Il est un pays de montagnes où les femmes n’ont pas le droit de vivre leur vie comme elles l’entendent, ne peuvent envisager un désir d’indépendance, voire une vie de célibat. Pire, au yeux des mâles dominants, elles ne peuvent porter le fusil, cette arme au symbole si phallique. Ce pays, l’Albanie, est en Europe. Il pourrait d’ailleurs se situer dans n’importe quelle contrée de notre monde.

Porté par l’extraordinaire Alice Rohrwacher, « Vierge sous serment » est le premier film de Laura Bispuri. Il met en scène une jeune orpheline, Hanna, qui préfère la chasse à la poupée. Ce type de femme est mal vue dans ce pays où le climat est aussi rude que les mentalités. Hanna adulte est mise aux bans du village: elle devra vivre seule, comme un homme. Pire, elle devra jurer de renoncer à sa féminité, à la maternité et au plaisir. Hanna, devenu Mark, décide de chercher en Italie la femme qu’elle fût.

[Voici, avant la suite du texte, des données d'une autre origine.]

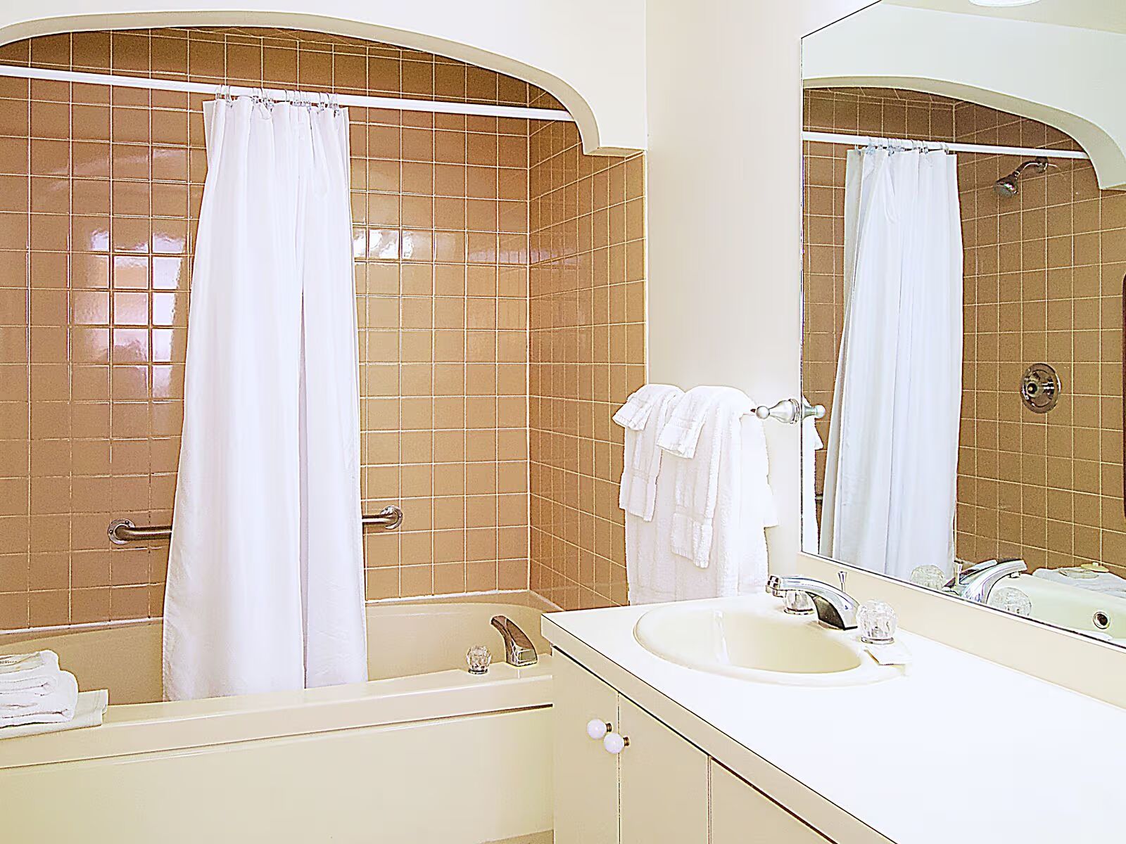 Full bathroom with shower/tub combination and fresh towels, designed for comfort and convenience.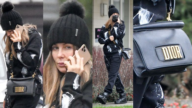 Tego dnia celebrytka pokusiła się o wygodną stylizację składającą się z dresów, czapki z pomponem i śniegowców. Fajnie wygląda?

Ce sujet étrange et néanmoins réel, inspiré d’un roman de Elvira Dones, pose une nouvelle fois la question féministe dont le constat est toujours aussi alarmant: être une femme libre n’est jamais acquis, cela nécessite une construction permanente. Lorsque ce ne sont pas les religions, ce sont les coutumes ancestrales qui déconsidèrent et sous estiment les femmes.

Laura Bispuri aborde finement son sujet dans une mise en scène âpre et des décors aussi majestueux (les montagnes albanaises) qu’étouffants (les grands ensembles des banlieues). Après « Amore » , « La Belle endormie » ou « Hungry hearts » , Alba Rorhwacher confirme son immense talent.